Could a hibernation-like state help with cancer treatment?
Cancer could be tackled more effectively by putting patients into a torpor state similar to that of a hibernating bear.
Tumour growth would slow right down or cease while healthy cells in the body become more resistant to radiation, says physicist Marco Durante, from the Trento Institute in Italy. The radical idea follows years of research on hibernating animals, and anecdotal reports of people who have been plunged into deep freeze and survived.
During hibernation, a form of cold temperature deep sleep, body functions such as heart and respiration rate, metabolism and oxygen uptake all slow down. At the molecular level, too, gene activity and protein synthesis are reduced to a crawling pace.
All these effects could have big implications for cancer treatment, said Durante at the American Association for the Advancement of Science (AAAS) annual meeting in Boston on February 19th.
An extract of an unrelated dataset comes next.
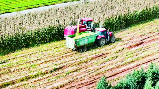 今年,臨夏縣共種植玉米17.59萬畝,其中糧飼兼用型青貯玉米達4.7萬畝,可產出青貯飼料12.9萬噸,預計11月份全面完成青貯工作。圖為新集鎮青貯玉米種植基地收割現場。( 臨夏融媒記者 馬博文文/圖)
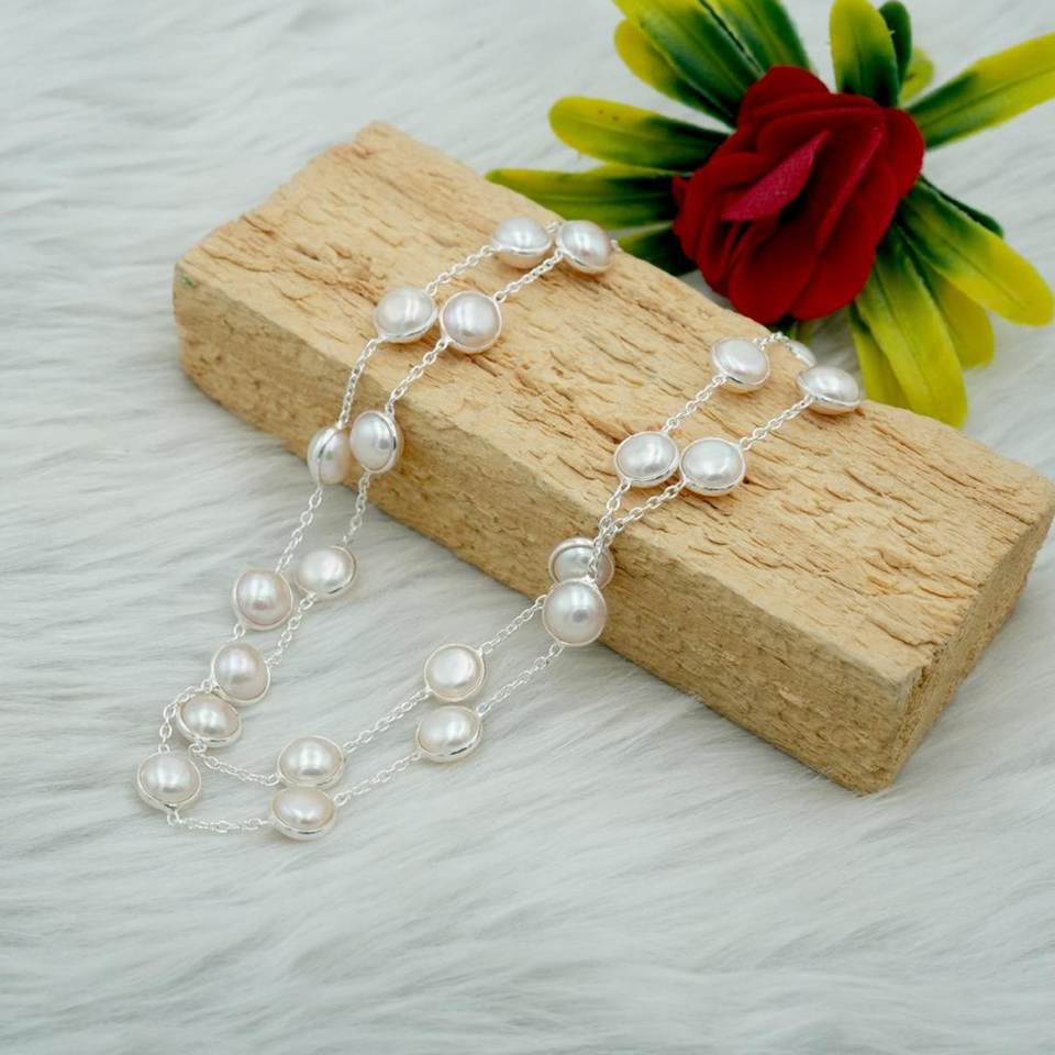 สร้อยคอเงินสีขาว925ทำด้วยมือเครื่องประดับอัญมณีมุกสำหรับผู้หญิงของขวัญสำหรับ Her-NL0024-GS

“If you can do it, you can take (advanced) cancers that are fourth stage,” he said.
“Around 50 per cent of cancer patients have advanced cancer, so it is a large number. We all have known someone affected this way. And there is nothing that we can do with them. They have multiple metastasis (spreading tumours) in the body.
“You cannot treat all the metastasis – you cannot use surgery to everywhere to remove the cancer or do radiation in all the affected parts of the body or you will kill the patients trying to destroy the cancer,” he said. “But if you could put the patient into synthetic torpor you could stop the cancer growing. It gives you more time.”